SUPPLIED RECORDS section start
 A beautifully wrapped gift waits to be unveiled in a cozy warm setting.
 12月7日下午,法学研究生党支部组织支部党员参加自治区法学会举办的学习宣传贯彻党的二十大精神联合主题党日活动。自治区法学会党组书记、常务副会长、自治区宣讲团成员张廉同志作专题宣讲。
SUPPLIED RECORDS section end
SUPPLIED RECORDS section start
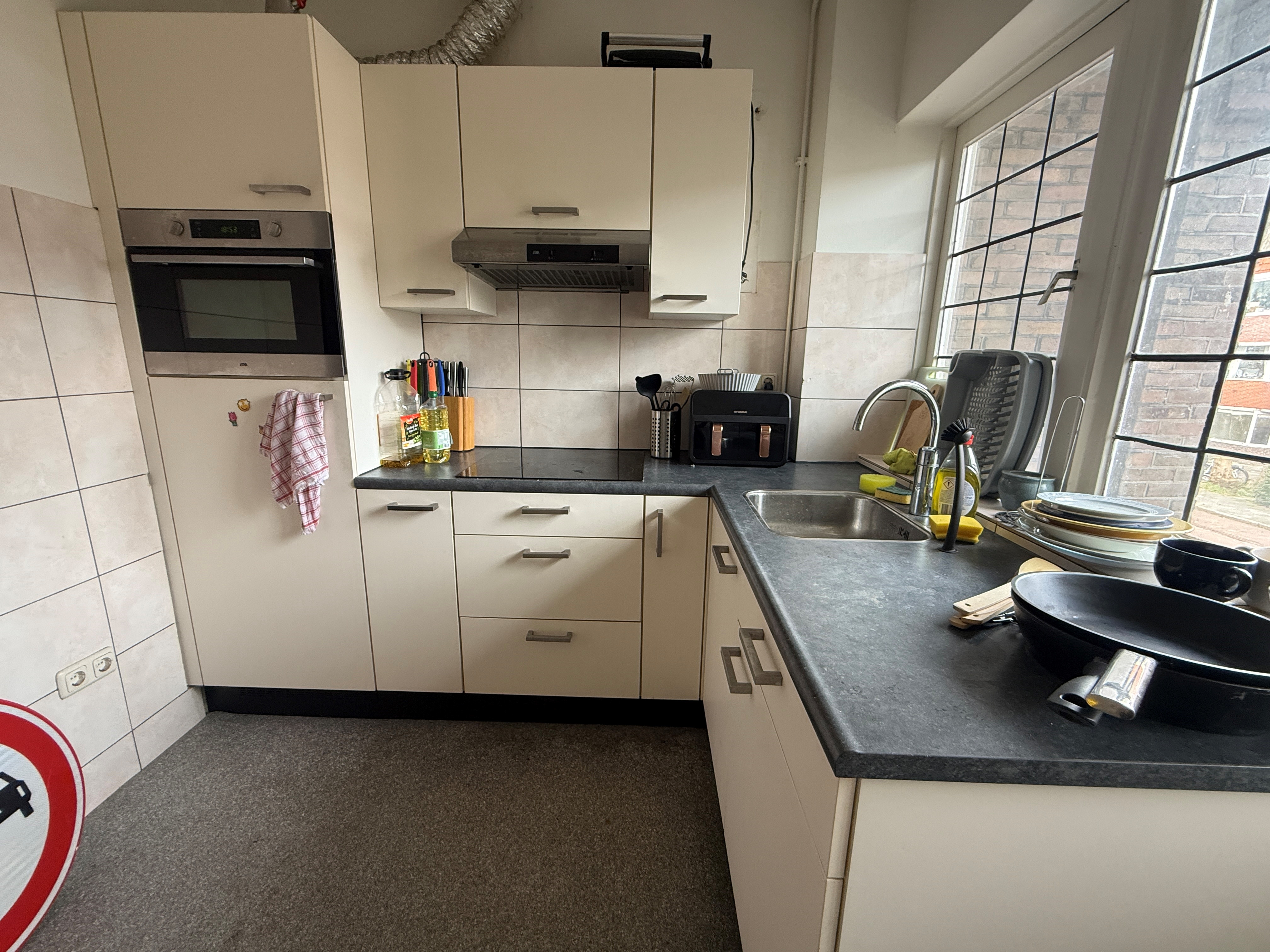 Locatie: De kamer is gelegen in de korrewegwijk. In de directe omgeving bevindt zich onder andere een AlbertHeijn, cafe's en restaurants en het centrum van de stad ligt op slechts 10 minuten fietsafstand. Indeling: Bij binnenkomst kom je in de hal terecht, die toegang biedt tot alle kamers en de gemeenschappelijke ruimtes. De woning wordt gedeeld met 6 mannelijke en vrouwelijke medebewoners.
SUPPLIED RECORDS section end
SUPPLIED RECORDS section start
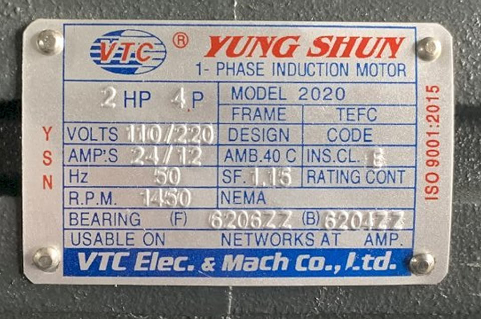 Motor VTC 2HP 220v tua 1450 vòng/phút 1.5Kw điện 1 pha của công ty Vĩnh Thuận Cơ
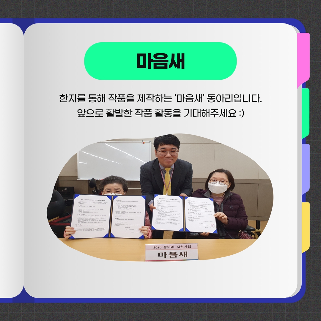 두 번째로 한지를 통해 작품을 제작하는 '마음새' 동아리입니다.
SUPPLIED RECORDS section end
WORK TASK: Beginning at the line with "A beautifully wrapped" and ending at the line with "12月7日下午,法学研究生党", reproduce each line of the data above exactly, and add no other lines.

WRITTEN REPLY:
 A beautifully wrapped gift waits to be unveiled in a cozy warm setting.
 12月7日下午,法学研究生党支部组织支部党员参加自治区法学会举办的学习宣传贯彻党的二十大精神联合主题党日活动。自治区法学会党组书记、常务副会长、自治区宣讲团成员张廉同志作专题宣讲。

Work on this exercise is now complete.